I tilted my head and kissed him lightly. “That’s funny, you smell like generic cardboard with imitation cheese topping.”
He led me to the couch, where we kissed and cuddled. And then cuddled some more. In fact, we ended up cuddling all night, warm and snug and content under the covers of my king-size bed. I woke once during the night and watched Michael’s sleeping face in the silver moonlight. It was a moment I wanted to capture and hold forever. And when
he left the next morning, early, before Anna could wake up and come into bed, I felt as though some part of me had been wrenched away.
~*~
Daria was in no mood for a soul-searching conversation. “I’m really rushed at the moment,” she said briskly when I sat down in the chair next to her desk. “Is it something that can wait?”
“Sure.” In truth, I didn’t know what I wanted to say anyway. But I felt the need to talk to someone. It was the only way I could think to ease the icy tightness in my chest.

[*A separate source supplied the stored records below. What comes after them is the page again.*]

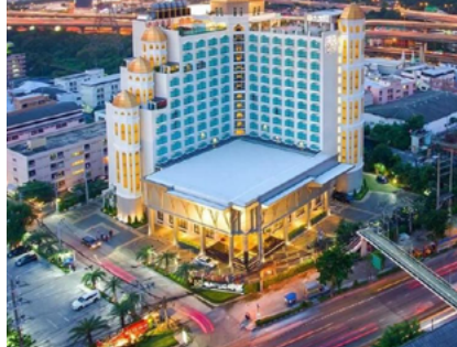
Al Meroz Bangkok (hôtel Halal)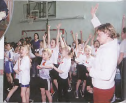
▲ Gospodarze turnieju - uczniowie SP 2 - jednym punktem przegrali „Misia”; w dogrywce o drugie miejsce pokonali rówieśników z Nowej Wsi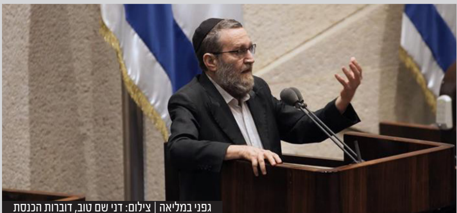
גפני במליאה | צילום: דני שם טוב, דוברות הכנסת

לדברי ח"כ משה גפני בפתח ישיבת ועדת הכספים: "אני אומר לכל הכתבים והפוליטיקאים, אנחנו לא מפחדים מכם. שנה וחצי שתקתם כי חשבתם שאלך איתכם, קיבלתי תדמית שאלך עם לפיד וגנץ, לא הלכתי איתכם ועכשיו הגיעה שעת הנקמה בנו"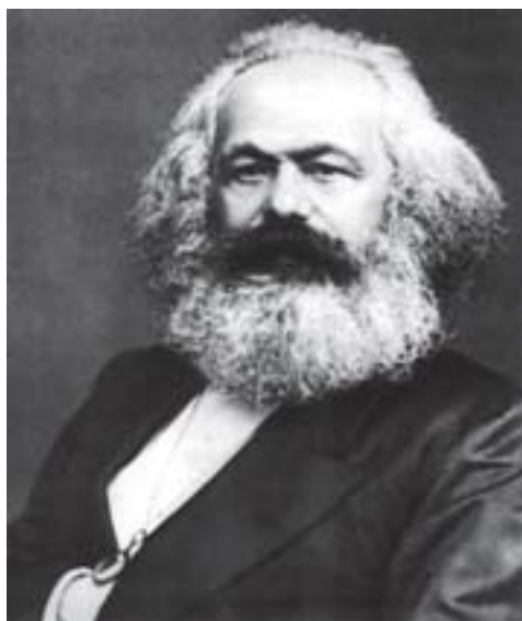
Figura 2. Karl Marx intelectual e revolucionário alemão, fundador da doutrina comunista.

Para Karl Marx (século XIX, figura 2), é preciso buscar a unidade entre natureza e história, ou entre natureza e sociedade, pois a natureza não pode ser concebida como algo exterior a sociedade, visto que esta relação é um produto histórico.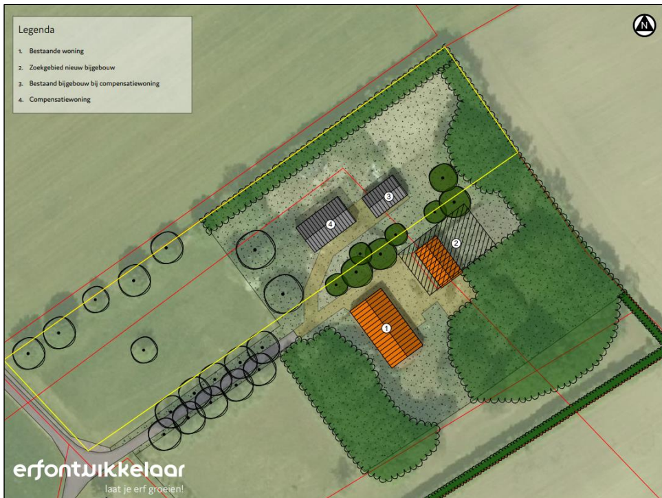
Plattegrond van het wenselijke eindbeeld.

Het voornemen bestaat om een woning en een bijgebouw te realiseren. Er wordt geen opgaande beplanting gerooit tijdens de voorgenomen werkzaamheden. De sloopwerkzaamheden zijn reeds uitgevoerd en de bouwlocaties zijn reeds bouwrijp gemaakt. De bestaande woning en schuur blijven behouden. Nadien wordt het plangebied landschappelijk ingepast met diverse beplanting. Op onderstaande afbeelding wordt een plattegrond van het wenselijke eindbeeld weergegeven.

“How about tomorrow after work?” Daria asked, skimming through a sheaf of papers as she spoke. “You want to go out for a drink? We can catch up then.”
“It’s not important anyway.” I pushed back the chair and stood. “Is there anything I can do to help?”
This time she looked up. “As a matter of fact there is. I hate to ask this, you should probably still be taking it easy, but there’s so much to be done before I leave for Mexico next week.”
“I feel fine. What is it you want me to do?”
“There’s a lawyer by the name of Gatskill out in Pleasanton. He’s in the process of setting up his own office and asked for help in selecting some artwork. I told him I’d be out there today, but it’s such a long drive and I have so many things to take care of here . . . Would you mind terribly?”
By the tone of her voice, you’d think she was asking me to scrub the floors. “No problem,” I told her brightly. “It’s a lovely day for a drive. Besides, I work for you, remember? It’s not as if you’re asking a favor.”
She hesitated. “But you’re my friend, too. My friend, first and foremost. You sure you don’t mind?”
“Positive.”
Daria stood and went to the file cabinet. “Get blueprints if you can,” she said as she handed me the file, “otherwise sketch the floor plan and take measurements. It would be helpful if you could get paint and fabric samples as well.”
“I’ll take care of it all.”
“Thanks, Kate,” she mumbled, her head already bent over the papers on her desk.
~*~
Charles C. Gatskill, Esq. was a short man, with a substantial, rounded bottom and thinning hair. The gold chain around his neck and the diamond pinky ring on his left hand did little to improve the image. He was on the phone when I arrived, but managed to introduce himself anyway, cupping the receiver with his shoulder as he shook hands. He had a grin that flashed at unexpected intervals like a bulb with a loose connection.